** Your assignment **
Nothing but the lines from the one including "NEO Lot de 2" through the last line of the entries, restated exactly, should appear in the answer; omit the pictures.

___ Data excerpts ___

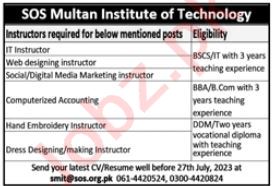 SOS Multan Institute of Technology jobs advertisement dated about 23 July 2023 in daily Jang Newspaper invites application for the vacant post of digital media marketing instructor, computerized accounting instructor, social media marketing instructor, dress making instructor, it instructor, web designing instructor, dress designing instructor and hand embroidery instructor in Multan, multan Punjab Pakistan. B.com, BCS, Master, BIT, BBA and Others etc. educational qualification will be preferred.
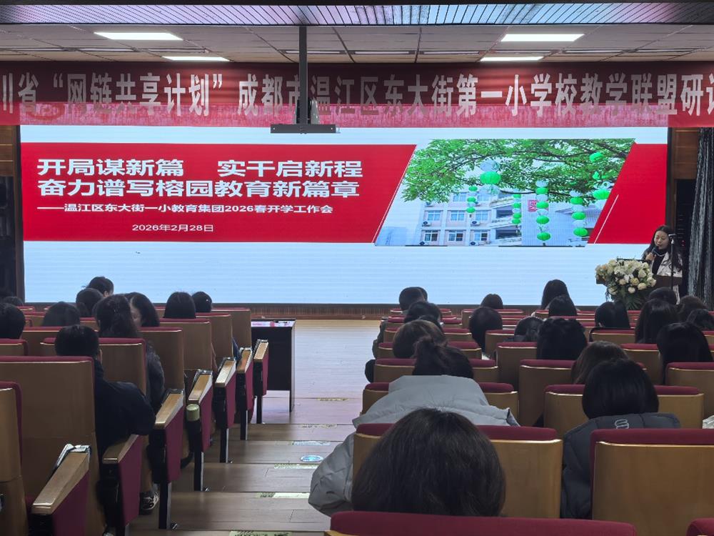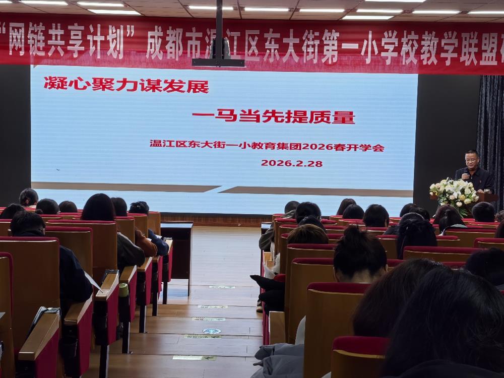 草木萌发,春山可望。2026年2月28日上午,成都市温江区东一教育集团以“线上+线下”融合形式召开春季开学工作会,通过高清视频会议系统实现“零距离”互动。集团总校三个校区(东大街一小、北校区、杨柳河分校)全体教职工同步参会,线上线下同频共振,?共谋新学期发展大计,为集团高质量发展注入新动能。
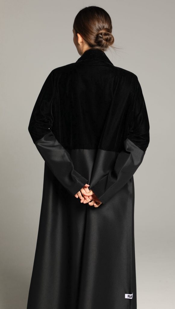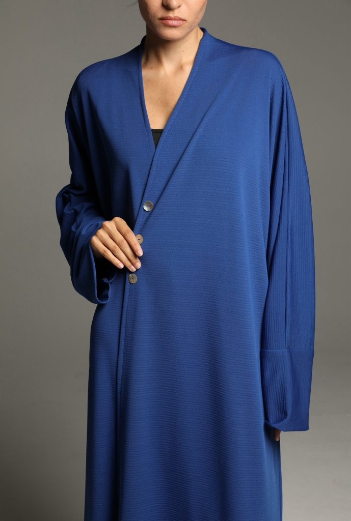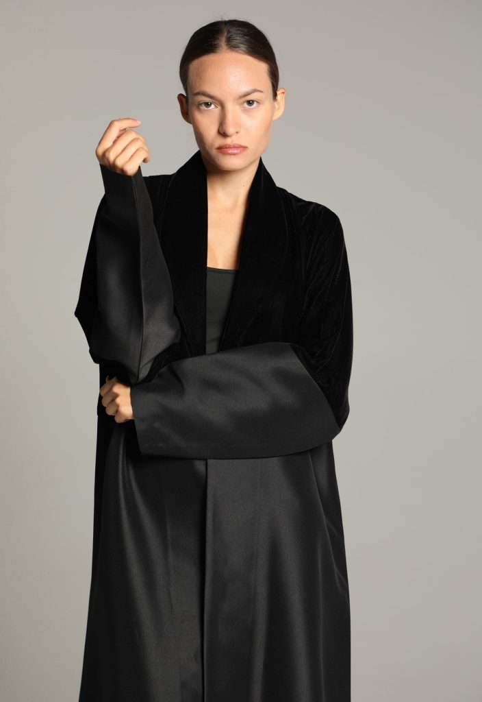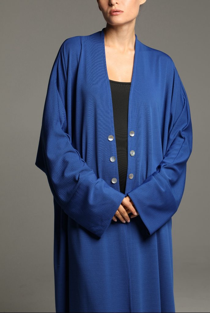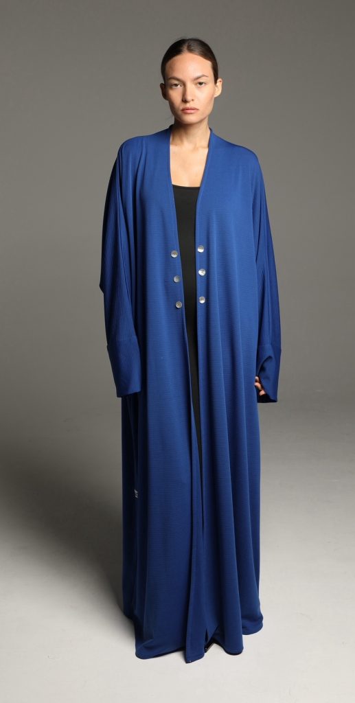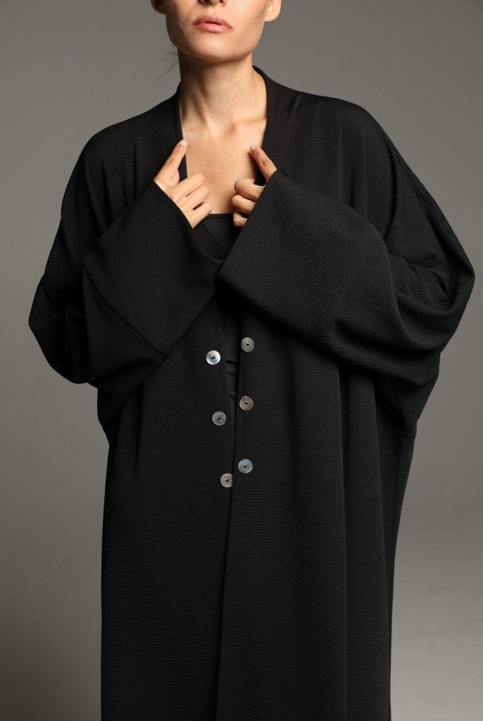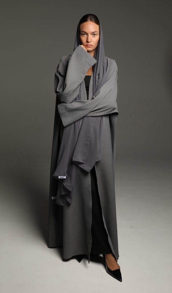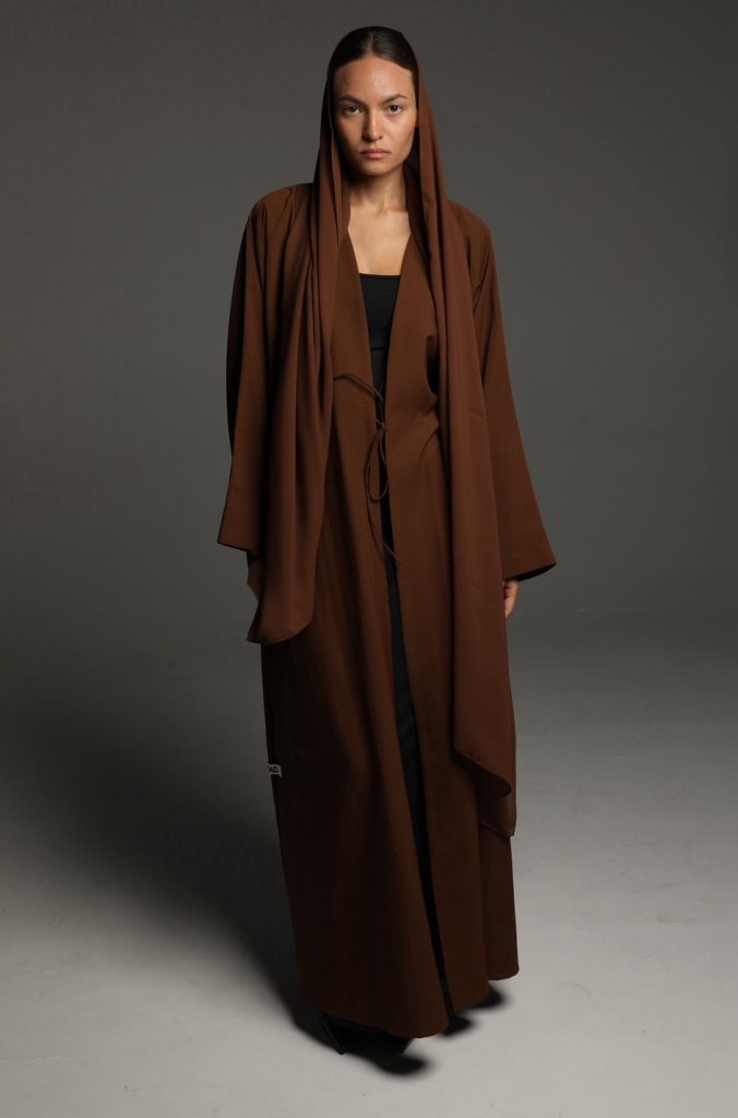 This abaya features a soft, textured fabric with a relaxed silhouette, enhanced by a minimalist tie-waist detail for a refined yet effortless look. Its versatile design makes it perfect for both casual and formal occasions, embodying timeless sophistication.
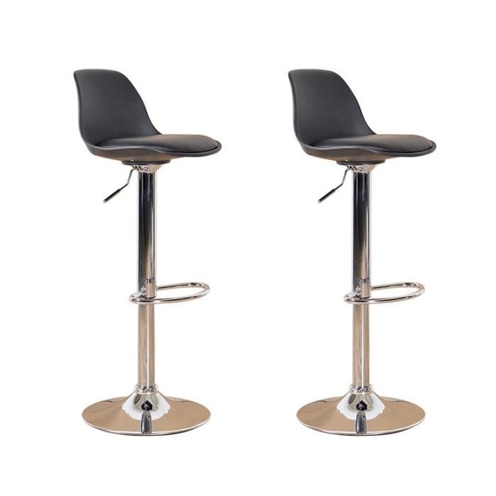 NEO Lot de 2 tabourets de bar - Simili noir - Contemporain - L 38 x P 425 cm
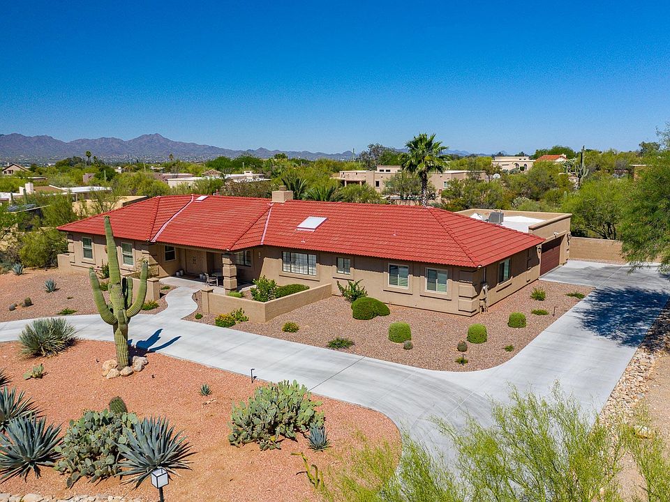 Opportunity! One of a kind move-in ready well maintained home in the desirable Shadow Hills Community within the Catalina Foothills School District! Catalina Mountain/Desert Views! Plenty of natural light, vaulted ceilings, large rooms and storage. Gourmet Kitchen boast of quartz counter tops, Bosch Stainless Steel Appliances and custom cabinets. Guest quarters, Stone tile floor throughout, Custom Plantation Shutters, large master bedroom with luxury master bathroom. Entertain in the serene resort-like backyard all year long with a large covered patio, travertine tile pavers, swimming pool, exotic firewall, vegetable garden, lush vegetation, built in BBQ kitchen island with granite counter tops and plenty of room for seating. House comes with a 1 year home warranty, whole house water filtration by LifeSource and alarm system.

___

** Task response **
 NEO Lot de 2 tabourets de bar - Simili noir - Contemporain - L 38 x P 425 cm
 Opportunity! One of a kind move-in ready well maintained home in the desirable Shadow Hills Community within the Catalina Foothills School District! Catalina Mountain/Desert Views! Plenty of natural light, vaulted ceilings, large rooms and storage. Gourmet Kitchen boast of quartz counter tops, Bosch Stainless Steel Appliances and custom cabinets. Guest quarters, Stone tile floor throughout, Custom Plantation Shutters, large master bedroom with luxury master bathroom. Entertain in the serene resort-like backyard all year long with a large covered patio, travertine tile pavers, swimming pool, exotic firewall, vegetable garden, lush vegetation, built in BBQ kitchen island with granite counter tops and plenty of room for seating. House comes with a 1 year home warranty, whole house water filtration by LifeSource and alarm system.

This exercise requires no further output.